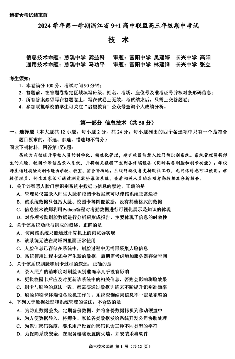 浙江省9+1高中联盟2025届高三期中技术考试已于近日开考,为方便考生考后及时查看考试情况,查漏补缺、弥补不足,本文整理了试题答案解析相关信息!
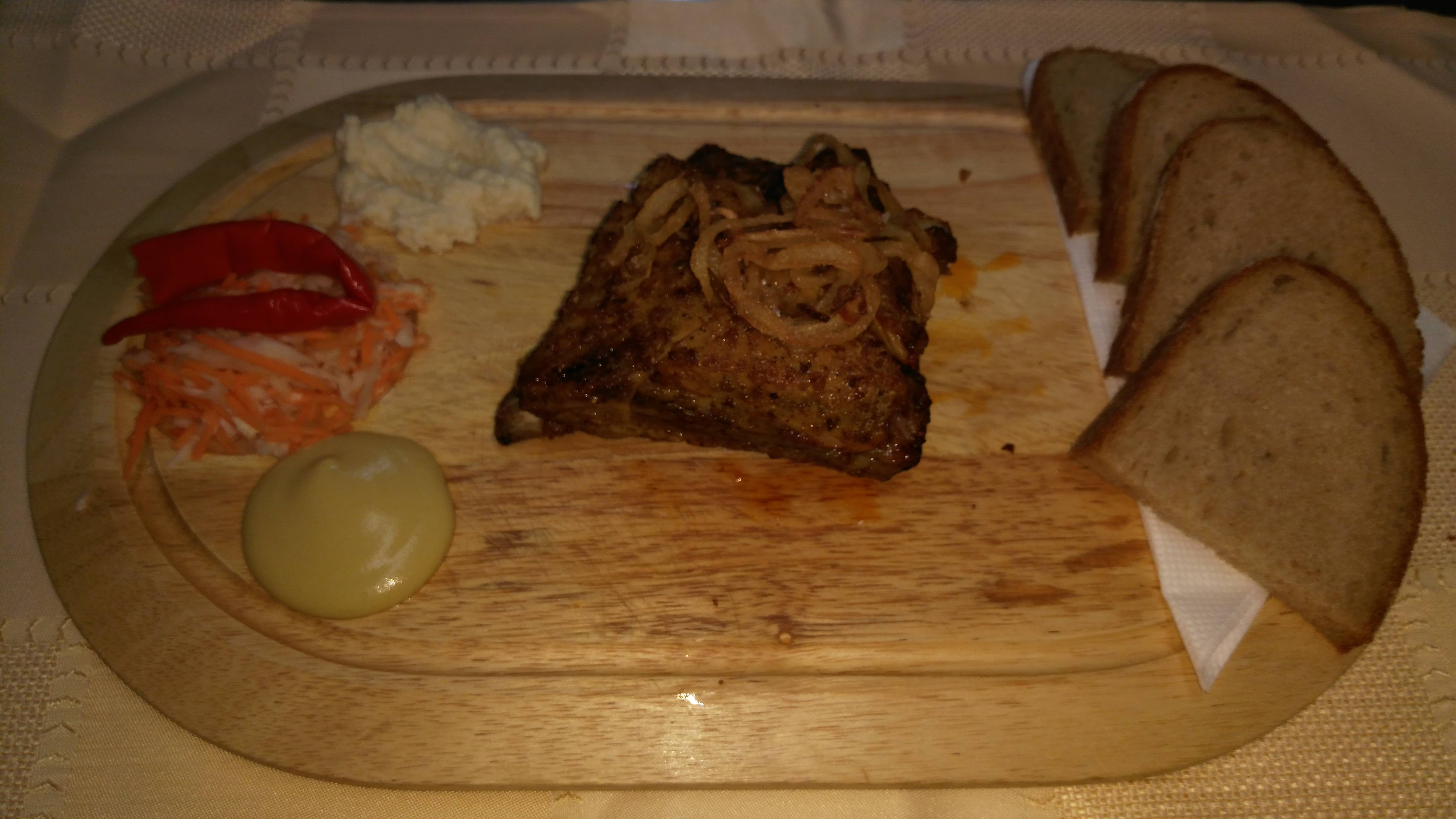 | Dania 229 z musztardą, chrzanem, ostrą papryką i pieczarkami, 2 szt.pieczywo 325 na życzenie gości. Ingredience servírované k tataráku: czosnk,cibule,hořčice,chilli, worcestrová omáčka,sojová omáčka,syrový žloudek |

...

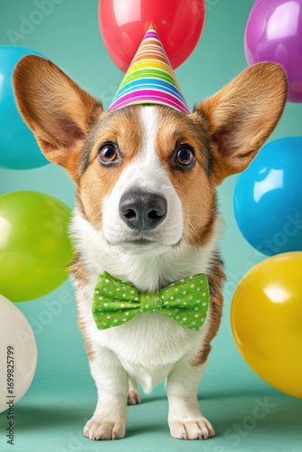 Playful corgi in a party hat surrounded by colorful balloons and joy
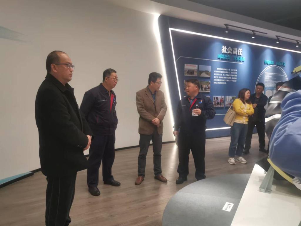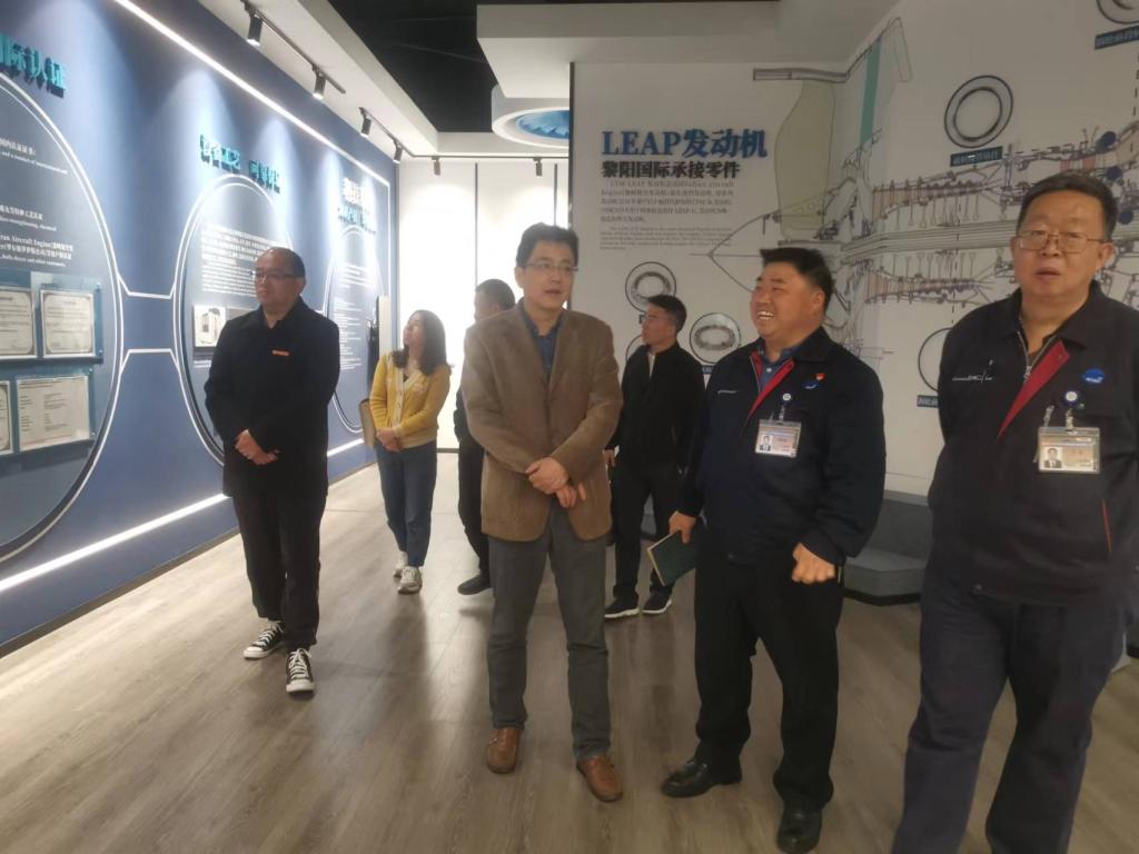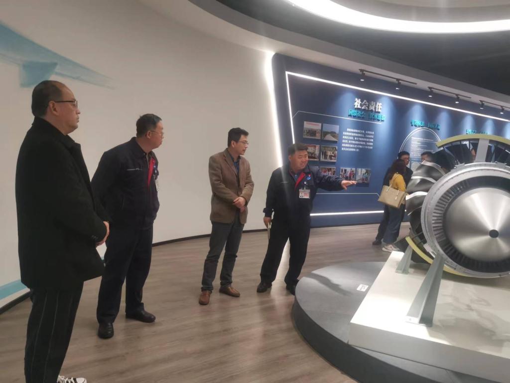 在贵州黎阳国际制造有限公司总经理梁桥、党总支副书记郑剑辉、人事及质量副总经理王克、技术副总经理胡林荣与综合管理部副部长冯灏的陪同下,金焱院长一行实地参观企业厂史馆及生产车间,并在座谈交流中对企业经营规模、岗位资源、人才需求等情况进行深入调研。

* * *

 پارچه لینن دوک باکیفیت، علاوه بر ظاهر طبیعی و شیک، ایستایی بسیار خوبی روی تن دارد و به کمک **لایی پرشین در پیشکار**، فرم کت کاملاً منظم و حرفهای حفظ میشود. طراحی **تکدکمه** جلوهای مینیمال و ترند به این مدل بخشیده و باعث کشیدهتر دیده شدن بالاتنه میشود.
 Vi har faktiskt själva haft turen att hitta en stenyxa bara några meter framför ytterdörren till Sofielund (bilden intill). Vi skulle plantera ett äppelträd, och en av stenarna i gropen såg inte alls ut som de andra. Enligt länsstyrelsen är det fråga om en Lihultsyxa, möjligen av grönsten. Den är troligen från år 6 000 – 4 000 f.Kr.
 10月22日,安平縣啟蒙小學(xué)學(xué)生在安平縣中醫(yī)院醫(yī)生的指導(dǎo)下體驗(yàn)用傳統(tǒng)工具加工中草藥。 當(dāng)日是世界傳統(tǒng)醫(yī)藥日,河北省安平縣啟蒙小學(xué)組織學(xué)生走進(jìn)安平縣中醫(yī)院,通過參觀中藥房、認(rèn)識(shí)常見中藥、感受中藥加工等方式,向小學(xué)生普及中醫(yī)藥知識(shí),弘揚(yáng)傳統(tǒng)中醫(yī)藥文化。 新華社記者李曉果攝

[YOUR TASK] No picture is to be printed. Output exactly the lines above from the line containing "Playful corgi in" through the line containing "在贵州黎阳国际制造有限公司总".

[SOLUTION FOR THIS PROBLEM]
 Playful corgi in a party hat surrounded by colorful balloons and joy
 在贵州黎阳国际制造有限公司总经理梁桥、党总支副书记郑剑辉、人事及质量副总经理王克、技术副总经理胡林荣与综合管理部副部长冯灏的陪同下,金焱院长一行实地参观企业厂史馆及生产车间,并在座谈交流中对企业经营规模、岗位资源、人才需求等情况进行深入调研。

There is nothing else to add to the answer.